‘Let’s share Barcelona’, the campaign for living side by side respectfullySummer brings hot weather and local festivals, with people taking to the streets and squares in the city’s neighbourhoods. It’s a time when it’s as important as ever that people get on with one another. It’s with this in mind that the ‘Let’s share Barcelona’ campaign has been launched, promoting the right to enjoy the city while respecting the way others enjoy it.
This year’s campaign focuses on various themes, such as beaches, cleanliness, noise in the streets, neighbourhood festivals, respect for others and the use of public space all around the city. The aim is to show that it is everyone’s responsibility to look after the city, ensuring all Barcelona residents can enjoy the spaces they share.
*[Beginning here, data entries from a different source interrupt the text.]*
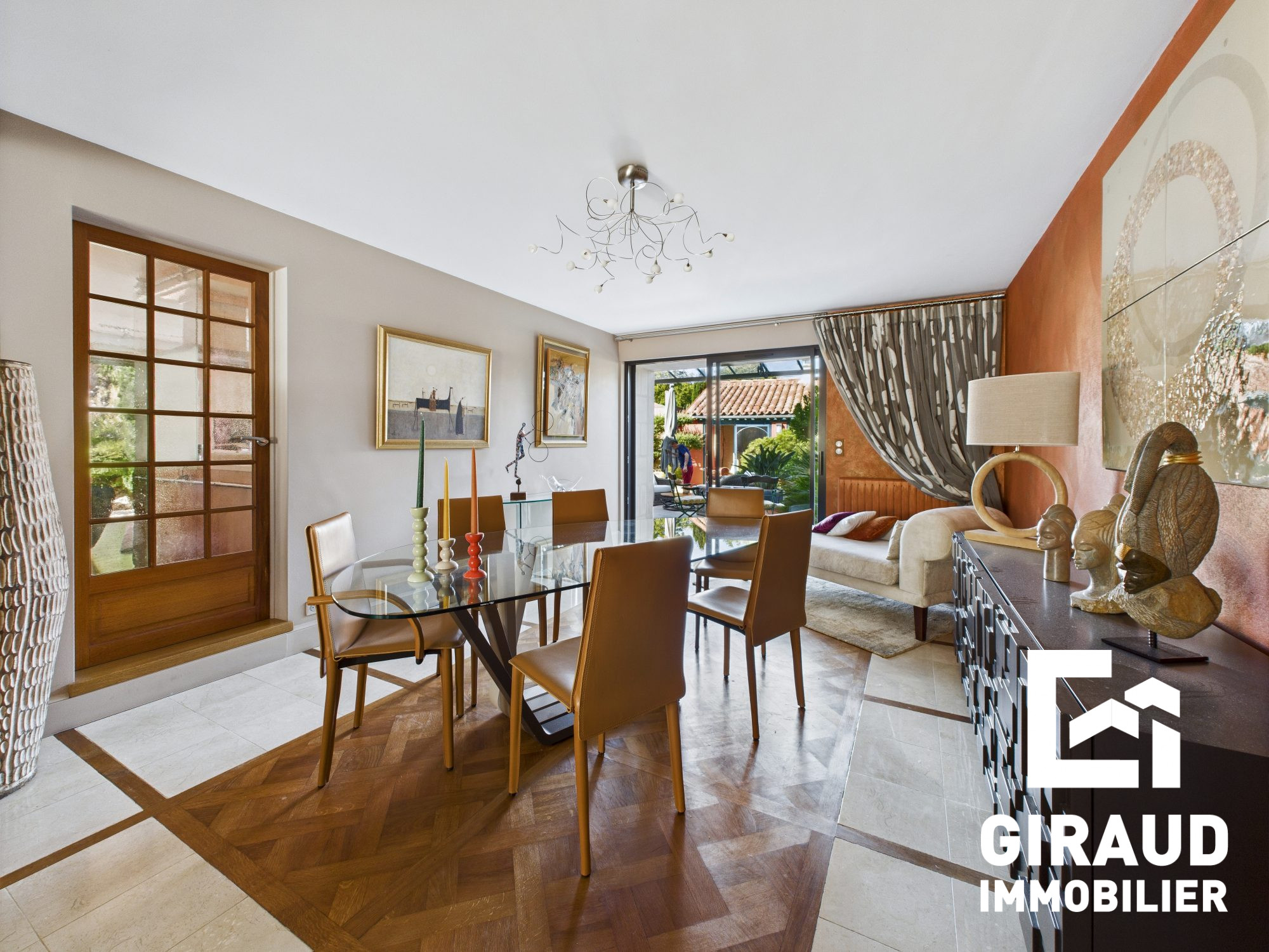 ...L'entrée lumineuse ouvre sur un vaste séjour sublimé par un parquet en chevrons et un plafond...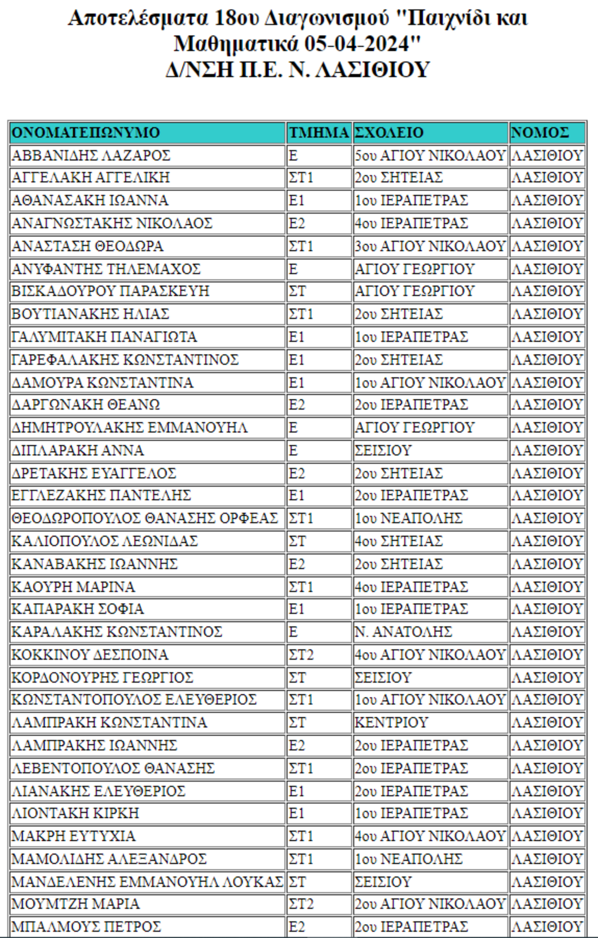 Oι επιτυχόντες του 18ου Διαγωνισμού ΄΄Μικρός Ευκλείδης΄΄για το Λασίθι ΛΑΣΙΘΙ ΙΕΡΑΠΕΤΡΑ 3:23 μ.μ. - Πέμπτη 23 Μαΐου 2024 03:05 μ.μ. - Πέμ, 23/23/2024 ΕΠΙΤΥΧΙΕΣ , ΔΙΑΓΩΝΙΣΜΟΣ ΜΑΘΗΜΑΤΙΚΩΝ, ΜΑΘΗΜΑΤΙΚΗ ΕΤΑΙΡΙΑ Αναλυτικά τα ονόματα των επιτυχόντων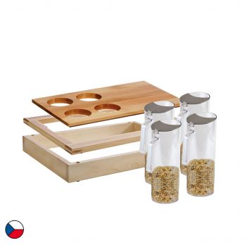 Neutrální modul s nástavcem se čtyřmi otvory pro karafy na cereálie je kompletní řešení pro snídaňový bufet. Tato sestava obsahuje 1 základní rám (58 x 40,5 x 6,5 cm), doplněný o horní dřevěný rám určený pro GN 1/1, ostatní příslušenství: horní nástavec se čtyřmi otvory, 4 x karafa polycarbonátová. Neutrální dřevěný dekor jemně doladí každé prostředí, ať už jde o hotelovou snídaňovou zónu, firemní bufet nebo cateringové akce. Díky jednoduchému modulárnímu systému lze sestavu snadno přesouvat, kombinovat a přizpůsobovat konkrétním prostorům.

Coexistence of four artistic styles
The campaign offers a cross-cutting approach to each of the themes addressed. This multi-angled perspective is provided by four teams of illustrators, contributing their art, with different styles expressing diversity and which enable the campaign to run without becoming repetitive for the public.
The illustrations referring to the beaches show the adventures of Homo Beach, a being who has evolved into somebody who respects the seafront environment and values the well-being of those he shares it with. The chosen author is Javi Royo, a specialist in wit who delivers a direct message via simple sketching, using black and white to contrast with people’s colourful concept of summer and the beach.
The fresh and offhand style of the illustrators Cachetejack transport us to neighbourhood festivals, with local residents taking to the streets and activities filling days and public spaces. The season for local festivals needs people to get along together and the society depicted by Cachetejack conveys delicate messages with strong and assertive touches. This is achieved through urban language and illustrations using a combination of colours.
Juanjo Sáez is a critical author with a highly personal style, the perfect illustrator for breaking away from traditional conventions and appealing to the public in relation to cleanliness. His pieces are direct and offhand, the combination of illustration and text giving them meaning and resulting in a communication which lays no guilt trips or blame at the door of local residents, but rather promotes the acquisition of good habits a as way of getting on with and respecting others.
The elegant and serious style of Miguel Montaner conveys clear and direct messages in relation to daily coexistence: taking out the rubbish at the right time of day, looking after urban furniture and enjoying one’s liberty without infringing on other people’s. The highly conceptual illustrations which result from this approach offer various messages in a single image, an easily understandable resource to transmit to the public.
The diversity of styles and messages are linked together with the icon #B, created by the designer Andrés Requena and serving as a common element for people to identify the campaign during the year it will run. Laura Tatché was responsible for the texts relating to the different themes addressed.